Горе свое Карамзин выразил в статье: "Цветок на гроб моего Агатона", так называл он Петрова.
Статья эта помещена в первой книжке сборника "Аглая", изданного им зимою 1793 г. Именем Аглаи, одной из граций, Карамзин называл Плещееву.
Вторая книжка "Аглаи", вышедшая в 1794 г., была ей посвящена.
В первой книжке помещено было: "Что нужно автору", где выше всего ставится желание добра, любовь к человечеству; этими качествами Карамзин объясняет успех Руссо, опровержению мнений которого о вреде наук посвящена другая статья той же книжки: "Нечто о науках". Здесь же напечатан "Остров Борнгольм", привлекавший современников таинственностью содержания и нравившейся знаменитою тогда песнею: "Законы осуждают предмет моей любви"; "Письма русского путешественника" продолжаются в обеих книжках "Аглаи". Были в этом сборнике и чужие произведения.
Большую часть 1793 и 1794 гг.
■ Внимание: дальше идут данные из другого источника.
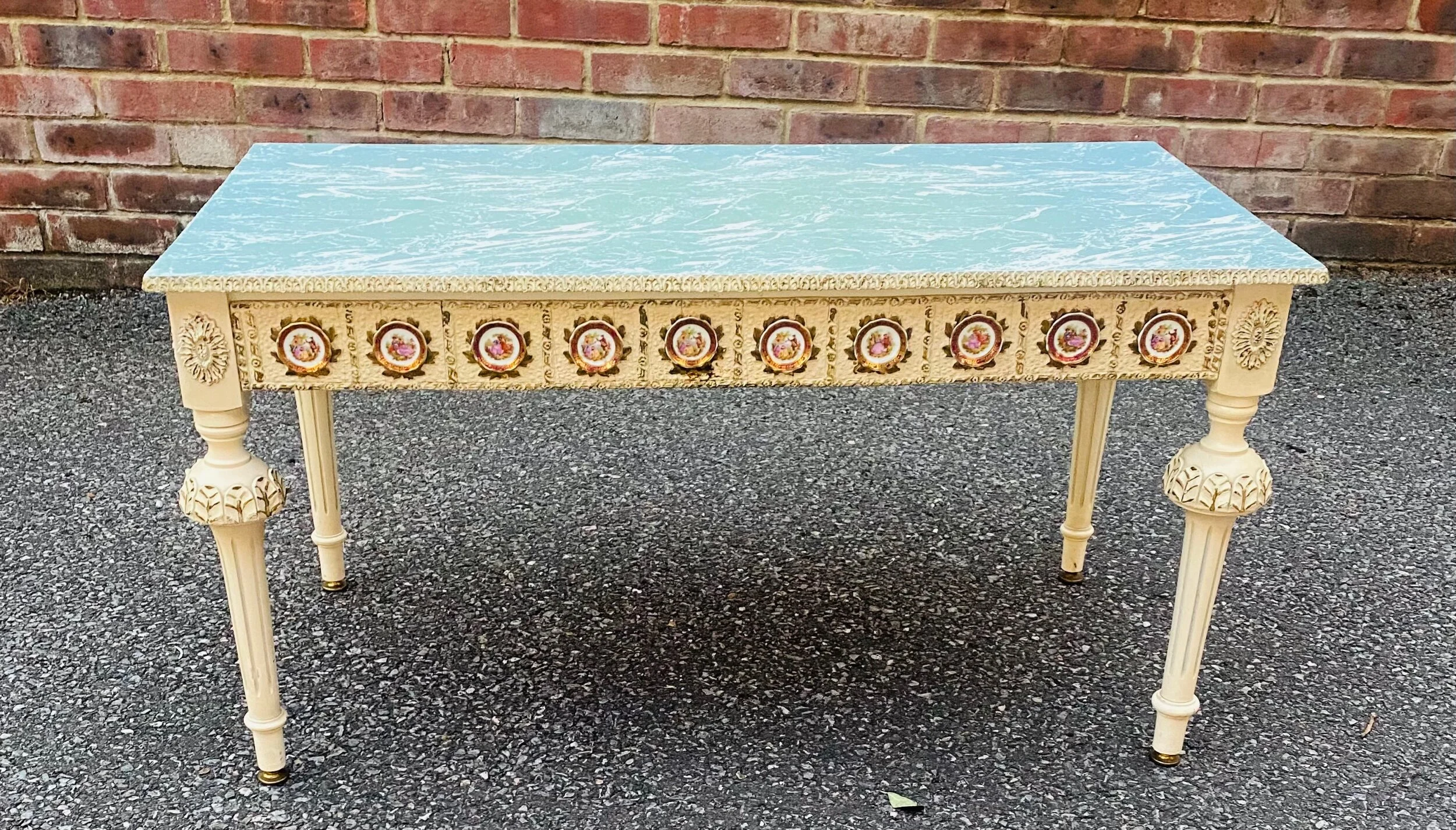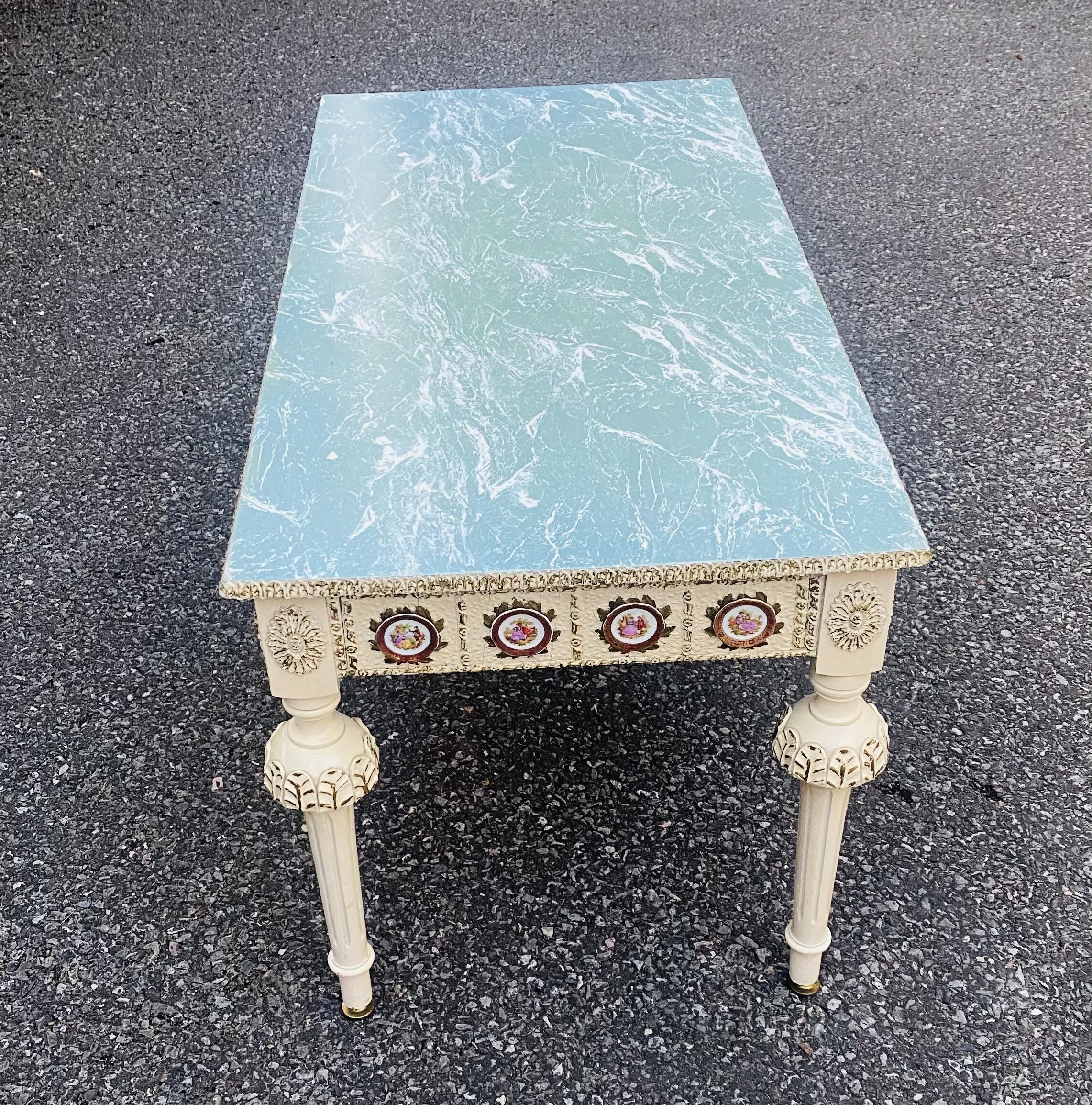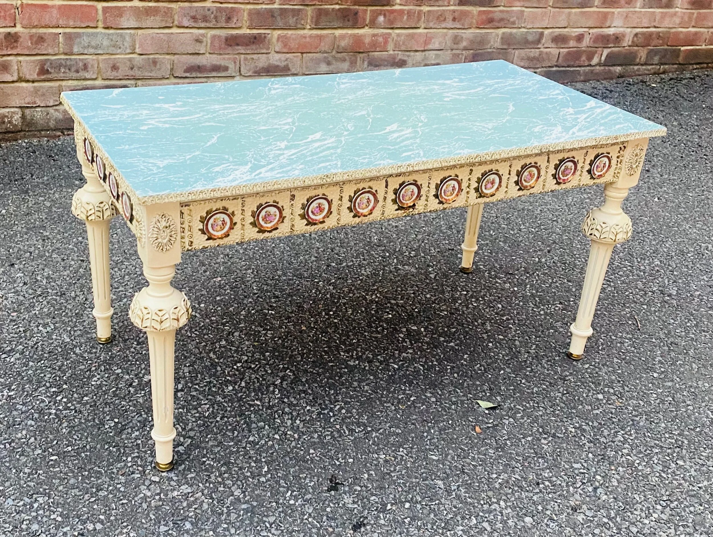 Shop › FRENCH 19th CENTURY COFFEE TABLE Image 1 of 3 Image 2 of 3 Image 3 of 3 FRENCH 19th CENTURY COFFEE TABLE Sale Price: £240.00 Original Price: £345.00 Sold Out A stunning Nineteenth Century Coffee table with lovely marble-style design and enamel attachments detailed on the piece. Sold Out Added! A stunning Nineteenth Century Coffee table with lovely marble-style design and enamel attachments detailed on the piece.
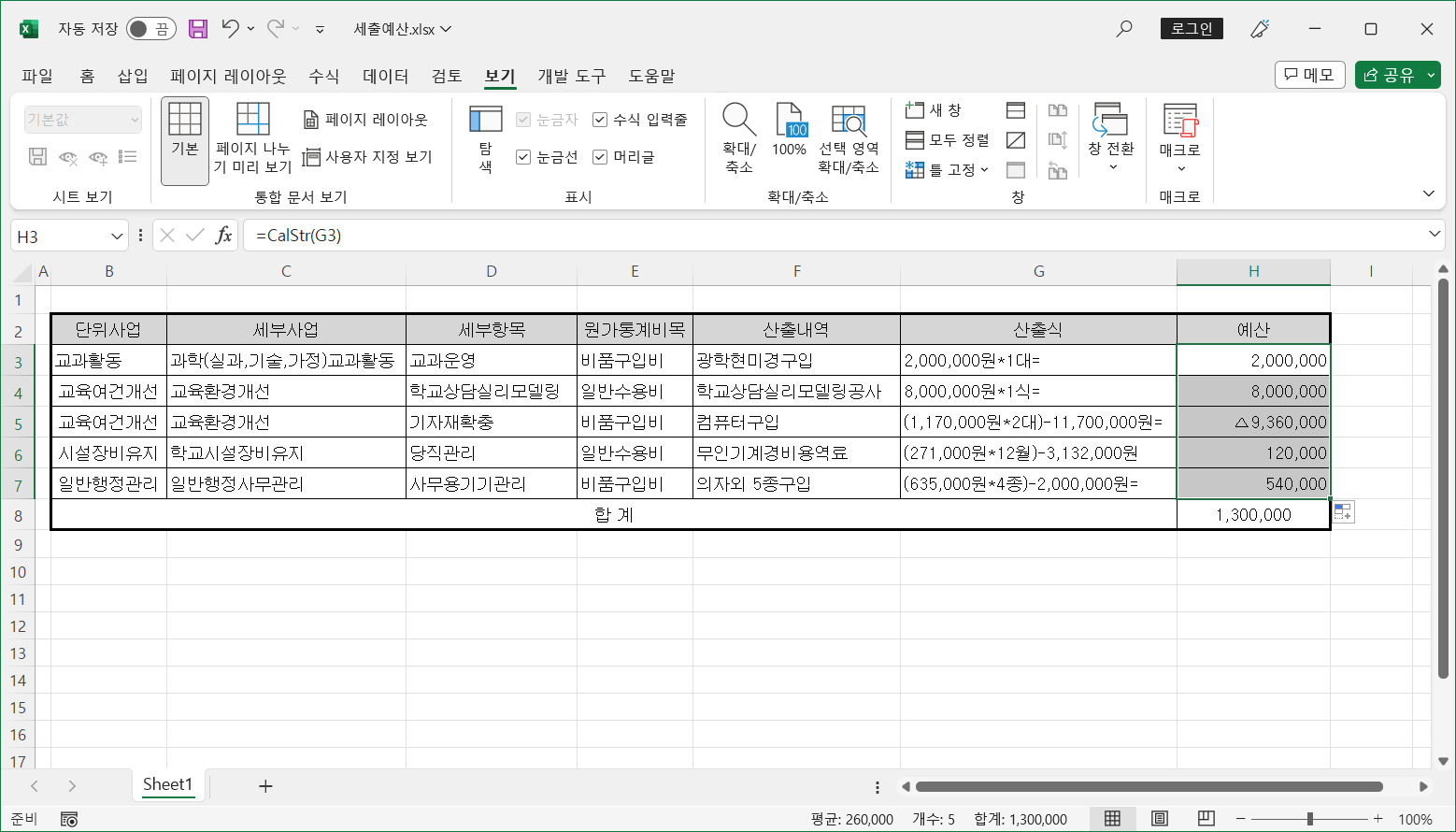 수식을 수정하거나 산출식 셀의 내용을 바꾸면 사용자 정의 함수 CalStr을 이해할 수 없기 때문에 #NAME? 오류 메시지가 표시됩니다.

Карамзин провел в имении друзей своих Плещеевых (в орловской губернии); осенью 1794 года вышла вторая Книжка "Аглаи". Из статей Карамзина, помещенных в этой книжке, особенно важна "Переписка Филалета и Мелодора". По остроумному замечанию А. Д. Галахова, Мелодор и Филалет это олицетворение Карамзина в двух разных настроениях: Мелодор — Карамзин, убоявшийся за успех просвещения, ввиду прискорбных явлений той эпохи, и усомнившийся в прогрессе;
Филалет — это Карамзин последователь оптимизма, убежденный в том, что в мире Божием существует порядок, которого мы только не понимаем по слабости нашего разума.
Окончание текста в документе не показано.